> _What to do_:
Restate the following data in its entirety, word for word and without images.

:: Extracted material

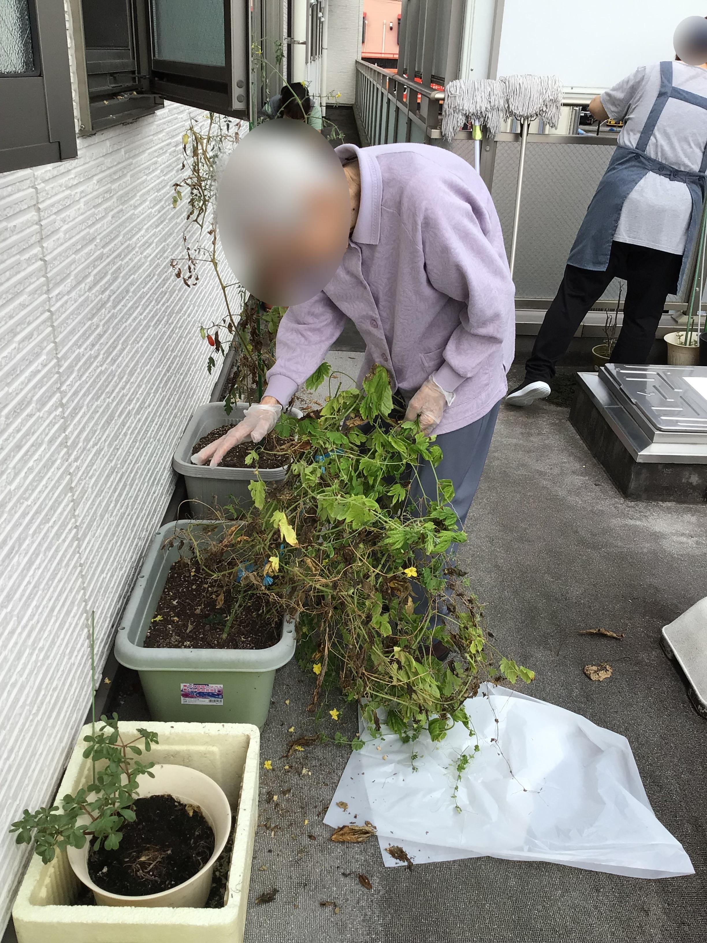 夏の終わりを迎え、2Fのプランターの植替えをしました
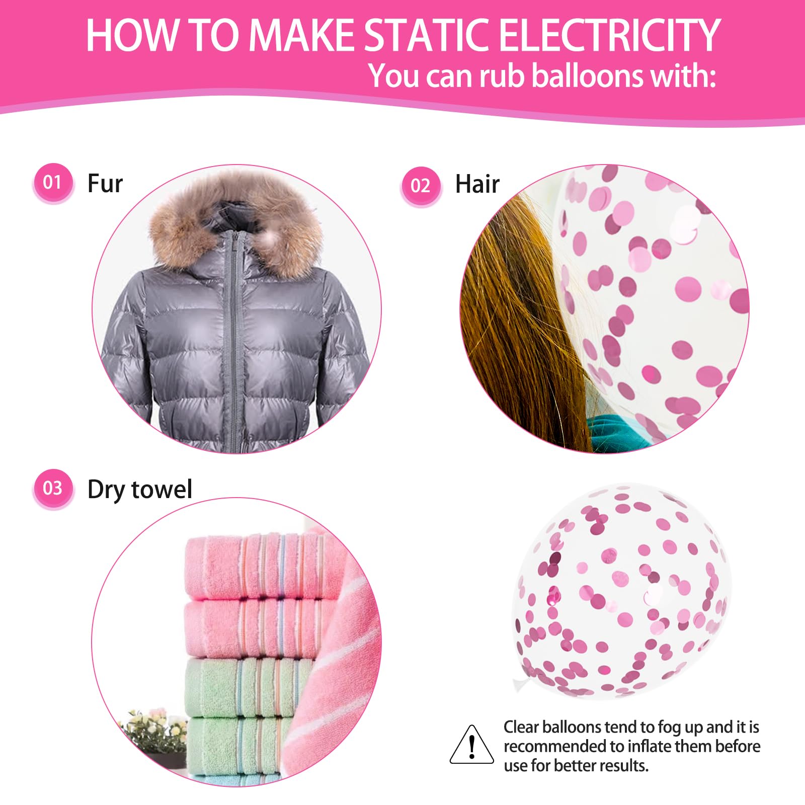 【Easy To Use】Pink latex balloons and confetti balloons can be filled with air, helium and even water. Please do not over inflate the balloons to avoid bursting. If you have any questions about our balloon set, please contact us at once .
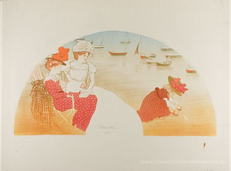 Wir bieten Ihnen eine handgefertigte Reproduktion auf Leinwand des berühmten Kunstwerks 'Sur La Plage' von Theophile Steinlen, aus dem Reproduktionsmuseum.
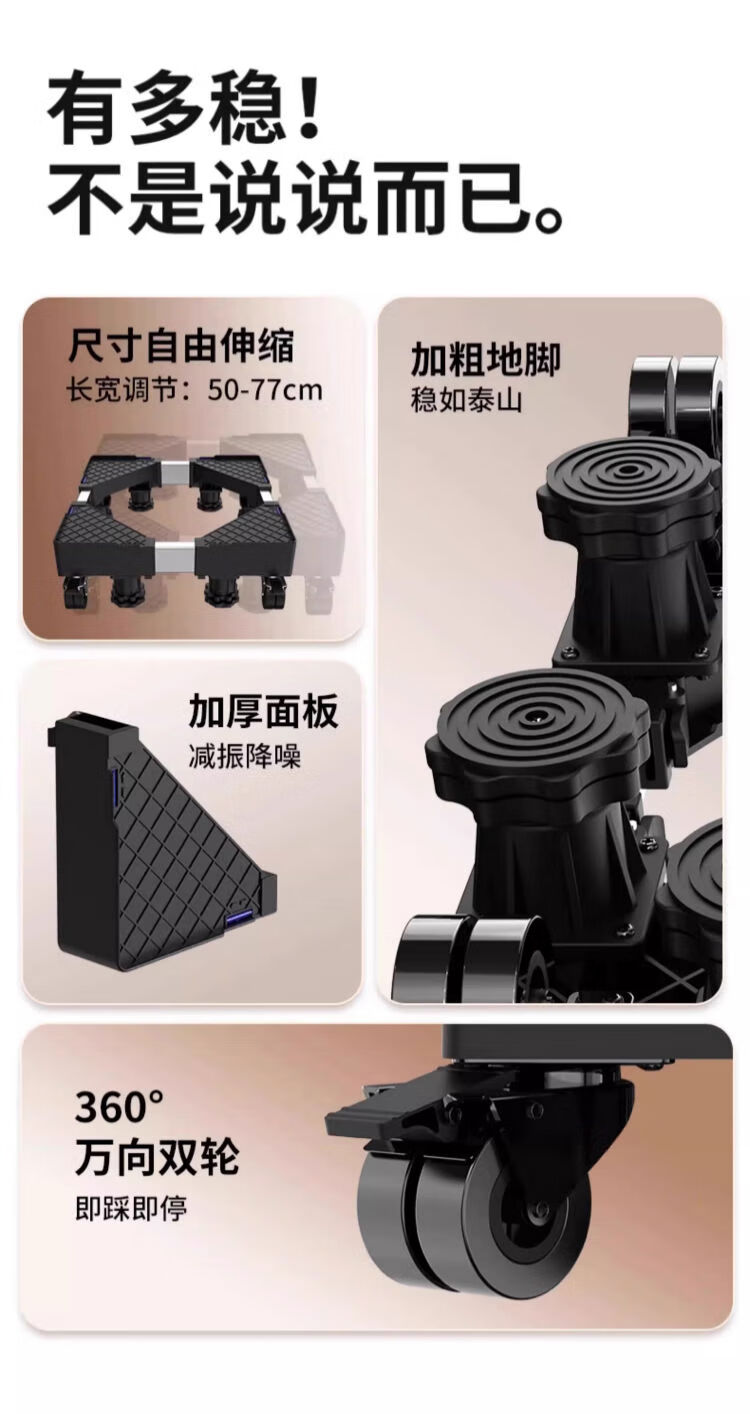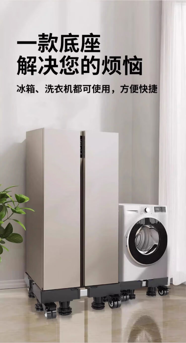 Beishi heightened washing machine base frame mobile universal wheel bracket storage bracket universal drum refrigerator foot pad shelf solid model + base suction cup upgrade four universal wheels + four king pillars after-sales highly recommended unstable
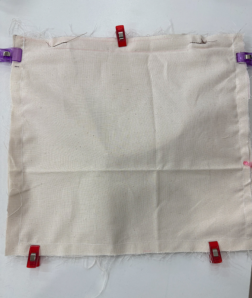 布トートバッグ制作では、最初に生地を重ねて仮止めを行います。生地のずれを防ぎ、縫い合わせの準備を整える大切な段階で、クリップや待ち針を使いながら全体のバランスを整えていきます。仮止めが丁寧に行われることで、後の工程で縫い目が歪みにくくなり、仕上がりの安定につながります。そのため、職員が要所ごとに確認しながら進められるように環境が整えられています
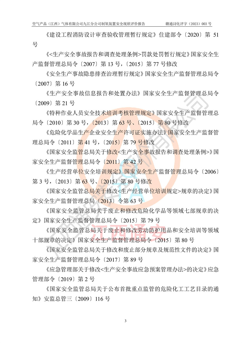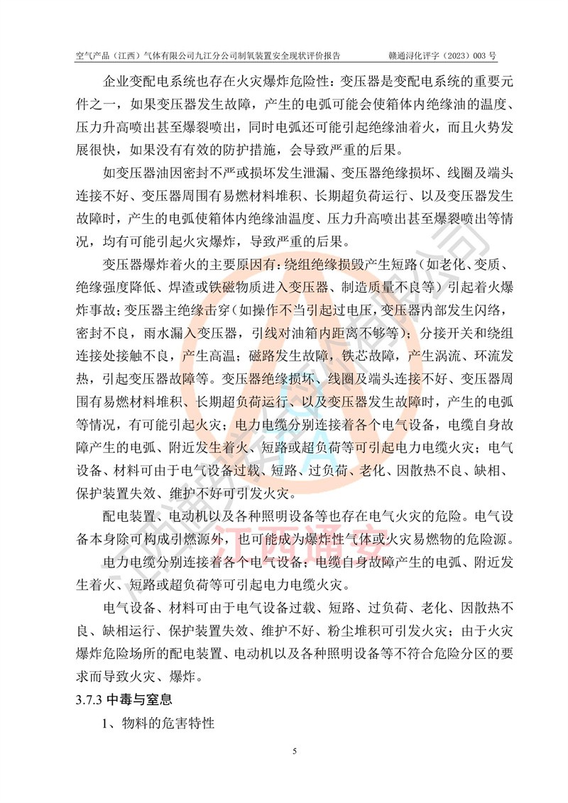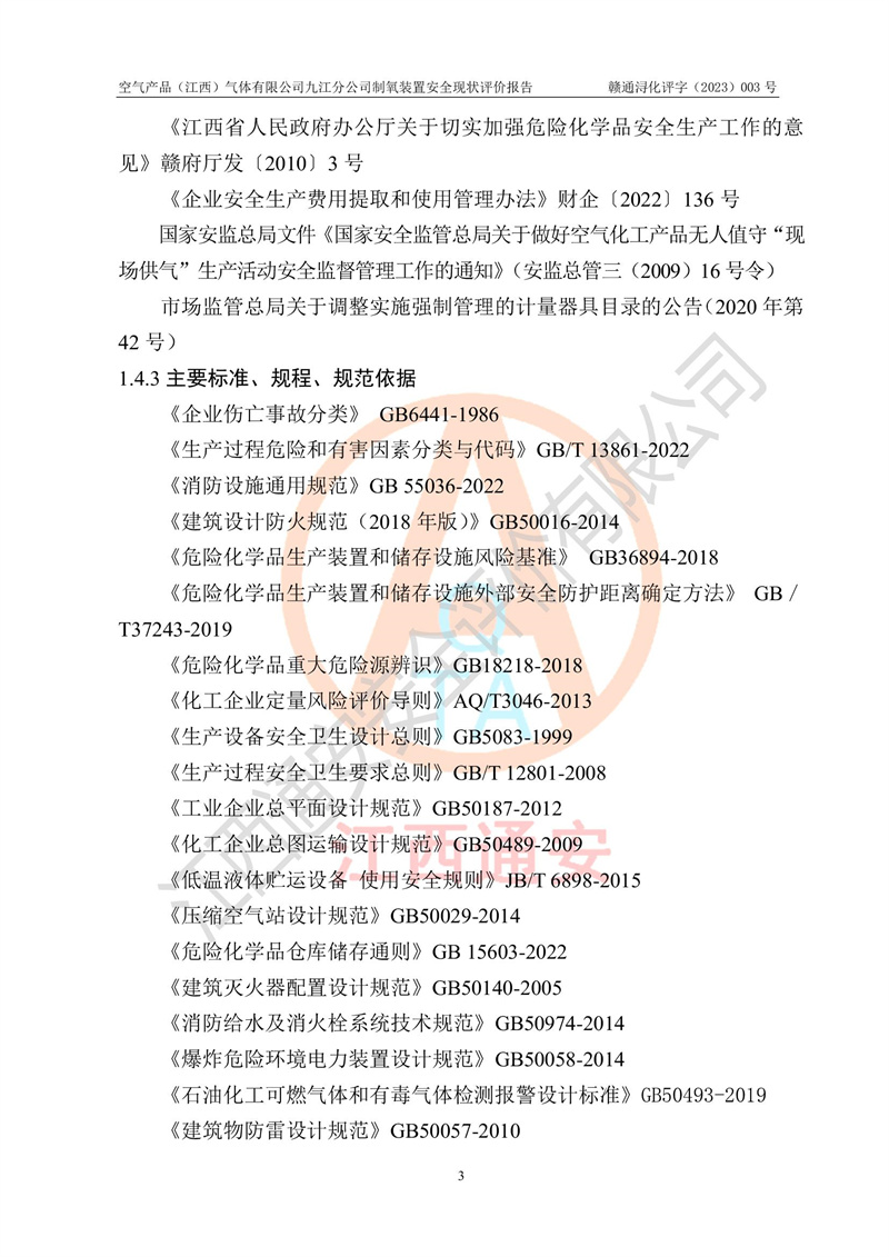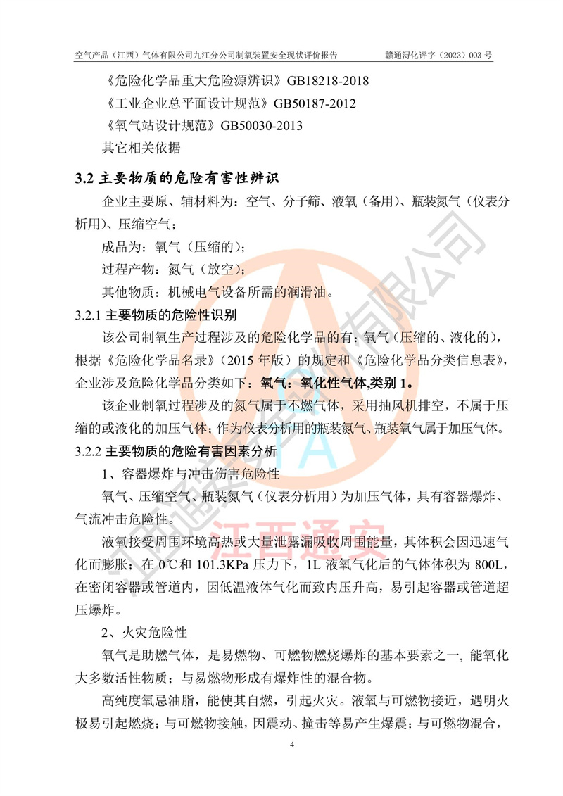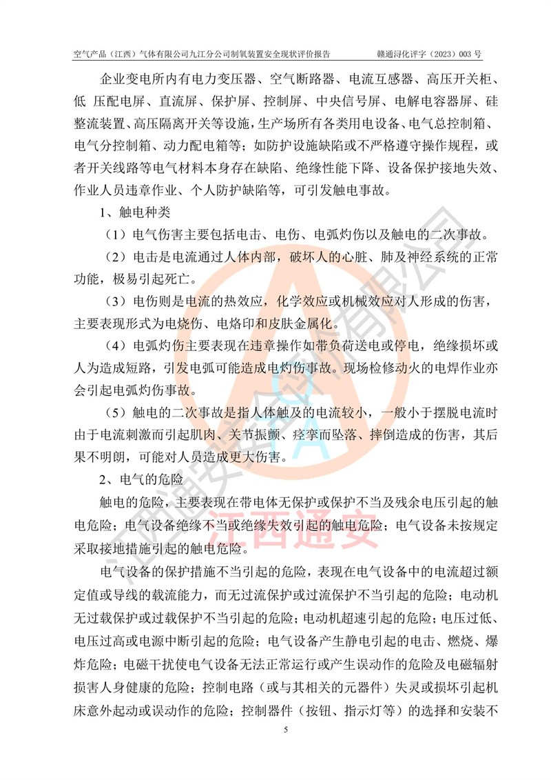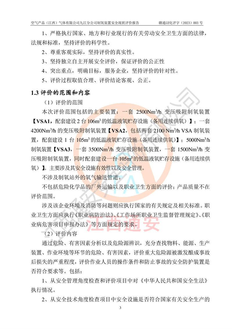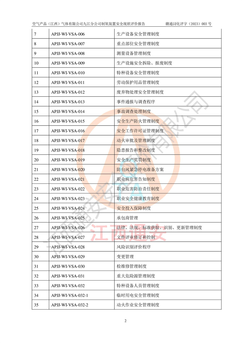 空氣產(chǎn)品(江西)氣體有限公司九江分公司制氧裝置安全現(xiàn)狀評價報告

::::

> _Solution to this exercise_:
 夏の終わりを迎え、2Fのプランターの植替えをしました
 【Easy To Use】Pink latex balloons and confetti balloons can be filled with air, helium and even water. Please do not over inflate the balloons to avoid bursting. If you have any questions about our balloon set, please contact us at once .
 Wir bieten Ihnen eine handgefertigte Reproduktion auf Leinwand des berühmten Kunstwerks 'Sur La Plage' von Theophile Steinlen, aus dem Reproduktionsmuseum.
 Beishi heightened washing machine base frame mobile universal wheel bracket storage bracket universal drum refrigerator foot pad shelf solid model + base suction cup upgrade four universal wheels + four king pillars after-sales highly recommended unstable
 布トートバッグ制作では、最初に生地を重ねて仮止めを行います。生地のずれを防ぎ、縫い合わせの準備を整える大切な段階で、クリップや待ち針を使いながら全体のバランスを整えていきます。仮止めが丁寧に行われることで、後の工程で縫い目が歪みにくくなり、仕上がりの安定につながります。そのため、職員が要所ごとに確認しながら進められるように環境が整えられています
 空氣產(chǎn)品(江西)氣體有限公司九江分公司制氧裝置安全現(xiàn)狀評價報告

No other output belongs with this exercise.